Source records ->
________________
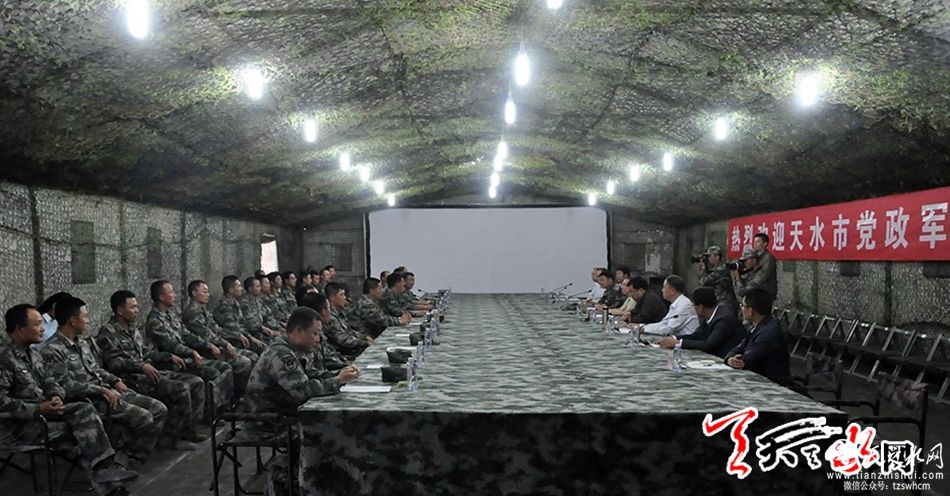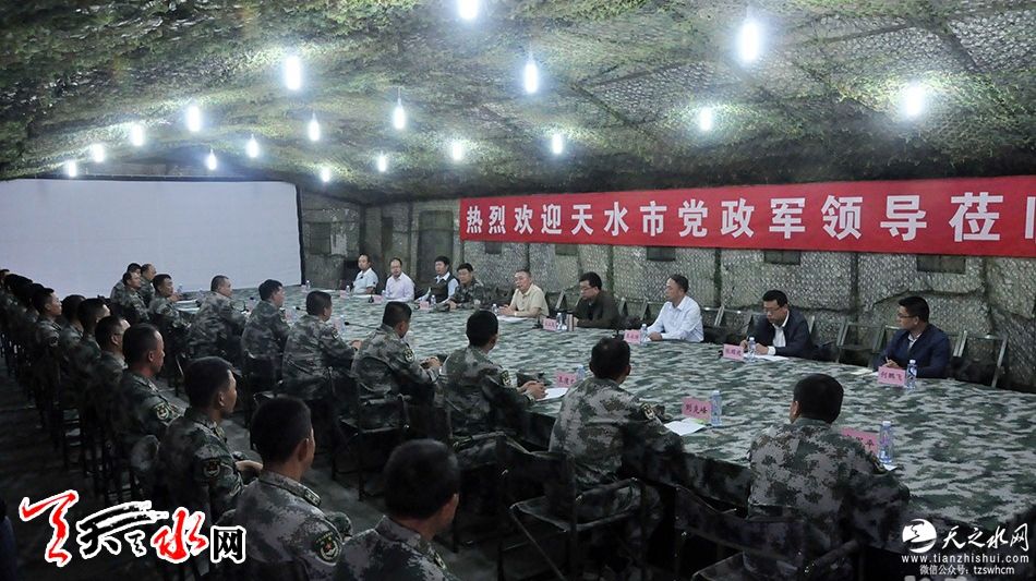 在外训部队营地,市党政军慰问团向部队官兵送上了带去的花牛苹果等慰问品,并与部队官兵进行了座谈,详细了解他们的吃住条件和训练目标、训练成果等情况。王锐指出,天水是68202部队的第二故乡。近年来,全市各级党政军组织紧贴强国强军的时代要求,顺应国家军队改革发展大势,深入扎实开展创建活动,有力推动了双拥工作创新发展,走出了一条具有天水特色的军民融合深度发展的路子。68202部队作为驻军部队的主要军事力量,充分发挥信念坚定的示范作用、强市富民的骨干作用、急难险重任务的突击作用、维护社会稳定的卫士作用和精神文明建设的带头作用,成为天水军民融合深度发展的践行者和示范者。特别是今年我市再次荣获全国双拥模范城称号,如期实现了双拥模范城“五连冠”目标。这是全市党政军民共同的政治荣誉,这些成绩的取得与68202部队官兵的积极参与和大力支持是分不开的。
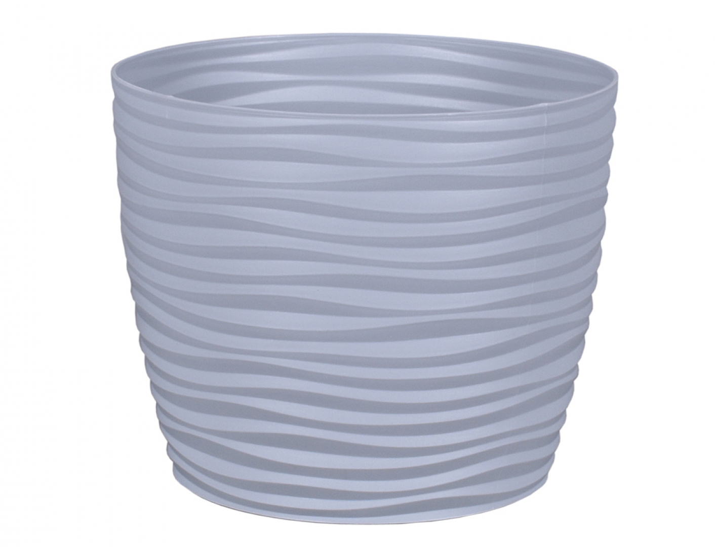 Matný plastový obal na květník s jemnými vlnkami po celém obvodu. Kruhového půdorysu. Neotřelý design a trendy barva osvěží každý interiér. Průměr: 23 cm, výška: 21 cm. Barva: šedá.
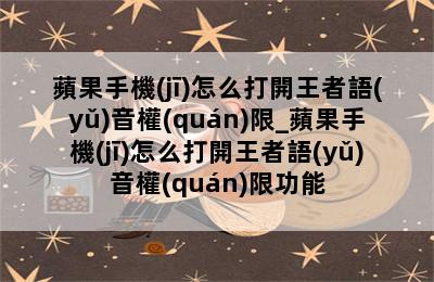 蘋果手機(jī)怎么打開王者語(yǔ)音權(quán)限_蘋果手機(jī)怎么打開王者語(yǔ)音權(quán)限功能
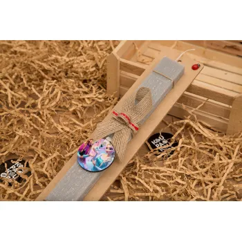 Έλσα & Άννα, Πασχαλινή Λαμπάδα με ξύλινο μπρελόκ & κερί αρωματικό πλακέ (30cm) (ΓΚΡΙ)
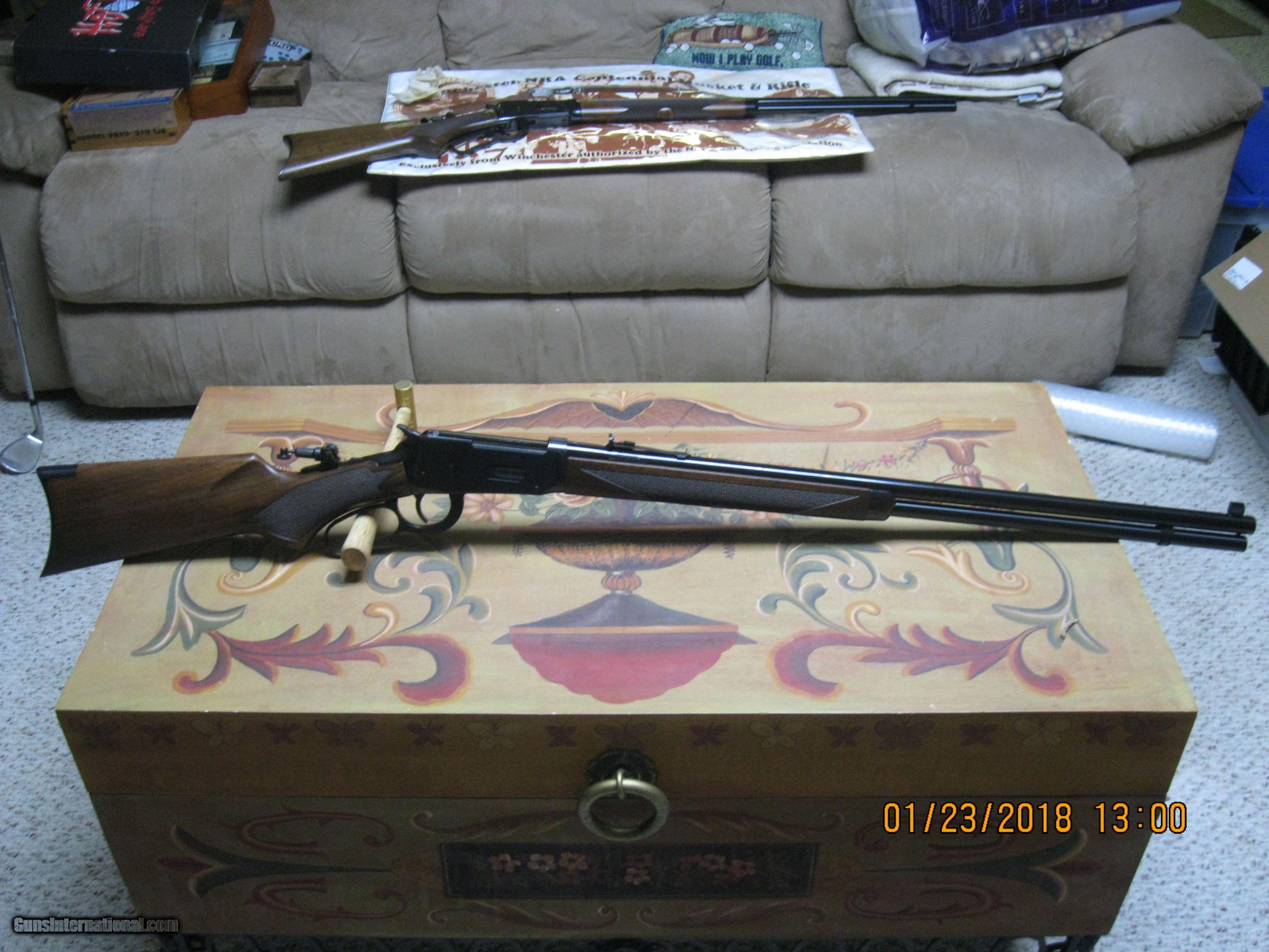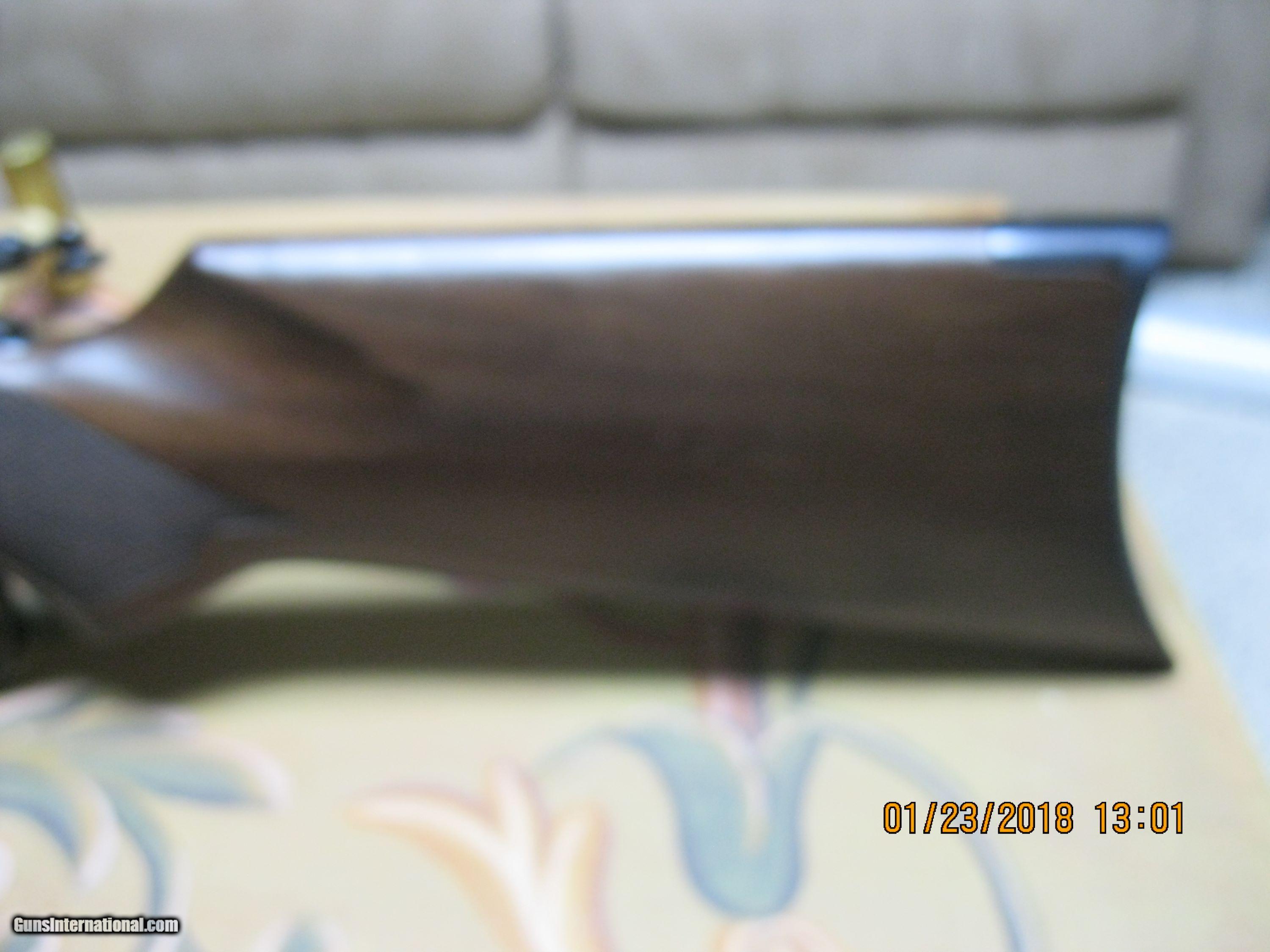 Description: This is a 26 inch barrel Winchester Legacy limited edition other Legacy models are 24 inch barrel. This edition was made for a limited time and only available in the 30-30 and 38-55 which I also have listed. They are both unfired, correct box , and paperwork. The guns look identical. These rifles come with a tang sight and tang safety not the cross bolt. I would consider using them on trade in on a 92 ro 94 take down model other than a 30 30 or 32 30. These are not Japan made guns PAYMENT PENDING SOLD Manufacturer: Winchester Model: 94 Legacy Serial Number: 6565717 Caliber Info: 30-30 Bore: new Condition: LNIB Metal Condition: new Wood Condition: new Bore Condition: new Action: lever Triggers: 1 Stock: salnut |
________________
What you need to do -> Set down, exactly as written, each line from the one that contains "Έλσα & Άννα, Πασχαλινή" to the last line of the records, but none of the pictures.

Task result ->
 Έλσα & Άννα, Πασχαλινή Λαμπάδα με ξύλινο μπρελόκ & κερί αρωματικό πλακέ (30cm) (ΓΚΡΙ)
 Description: This is a 26 inch barrel Winchester Legacy limited edition other Legacy models are 24 inch barrel. This edition was made for a limited time and only available in the 30-30 and 38-55 which I also have listed. They are both unfired, correct box , and paperwork. The guns look identical. These rifles come with a tang sight and tang safety not the cross bolt. I would consider using them on trade in on a 92 ro 94 take down model other than a 30 30 or 32 30. These are not Japan made guns PAYMENT PENDING SOLD Manufacturer: Winchester Model: 94 Legacy Serial Number: 6565717 Caliber Info: 30-30 Bore: new Condition: LNIB Metal Condition: new Wood Condition: new Bore Condition: new Action: lever Triggers: 1 Stock: salnut |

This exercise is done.